Meta Platforms shareholders have made a decision to reject a proposal that would have seen the company add Bitcoin to its substantial $72 billion cash reserves. The vote, which took place at the annual meeting on May 30, saw 4.98 billion shares voted against the measure, with only 3.92 million in favor.
Abstentions accounted for 8.86 million shares, while brokers chose to withhold votes on 204.77 million shares. With less than 0.1% of the total votes cast in favor of the proposal, it fell significantly short of the required threshold for passage.
The proposal, put forward by Ethan Peck of the National Center for Public Policy Research, aimed to address concerns about the effectiveness of bonds by suggesting that Meta convert a portion of its surplus cash into Bitcoin. Peck highlighted Bitcoin as an inflation hedge, pointing to its price appreciation in 2024 compared to modest bond returns.

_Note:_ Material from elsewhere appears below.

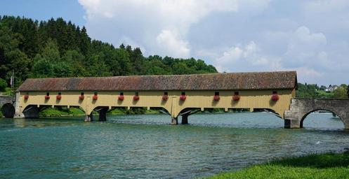 Keywords: wooden bridge customs bridge covered wooden bridge switzerland germany germany-switzerland rheinau-altenburg d-ch ch-d saddle roof beaver-tail bricks rhine switzerland

Prior to the vote, Strive Asset Management CEO Matt Cole publicly urged Meta CEO Mark Zuckerberg to adopt a “bold corporate Bitcoin treasury approach” during the 2025 Bitcoin Conference. He endorsed a “yes” vote on Proposal 13, emphasizing the potential benefits of incorporating Bitcoin into Meta’s financial strategy.
Bloomberg senior ETF analyst Eric Balchunas also weighed in on the matter, suggesting that Meta could potentially become the first US megacap company to embrace Bitcoin in this cycle. He posited that such a move would signal a broader acceptance of cryptocurrencies among large corporations.

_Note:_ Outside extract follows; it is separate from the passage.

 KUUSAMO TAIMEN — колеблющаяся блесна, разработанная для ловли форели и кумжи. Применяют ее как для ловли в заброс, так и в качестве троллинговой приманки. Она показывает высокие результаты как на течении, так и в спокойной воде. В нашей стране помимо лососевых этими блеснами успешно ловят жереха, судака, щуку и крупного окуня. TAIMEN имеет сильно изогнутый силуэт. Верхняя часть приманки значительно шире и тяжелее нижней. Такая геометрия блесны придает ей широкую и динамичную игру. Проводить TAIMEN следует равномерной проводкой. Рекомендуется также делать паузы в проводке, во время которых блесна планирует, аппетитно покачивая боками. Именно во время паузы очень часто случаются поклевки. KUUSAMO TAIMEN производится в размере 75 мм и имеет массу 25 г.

Despite the efforts of advocates like Cole and Balchunas, the vote result indicates that Meta’s treasury will remain unchanged for now. Nevertheless, it underscores the ongoing efforts of crypto proponents to encourage major US companies to reconsider their stance on digital assets as regulatory clarity in the space improves.
The rejection of the Bitcoin treasury proposal by Meta’s shareholders serves as a reminder of the challenges faced by advocates seeking to influence the financial strategies of large-cap firms with traditional treasury frameworks. As the landscape of digital assets continues to evolve, it is likely that discussions around incorporating cryptocurrencies into corporate treasuries will persist.
Overall, the outcome of the vote signals that the dialogue between crypto advocates and corporate boards is far from over, with potential opportunities for revisiting digital asset policies on the horizon as the regulatory environment becomes more defined.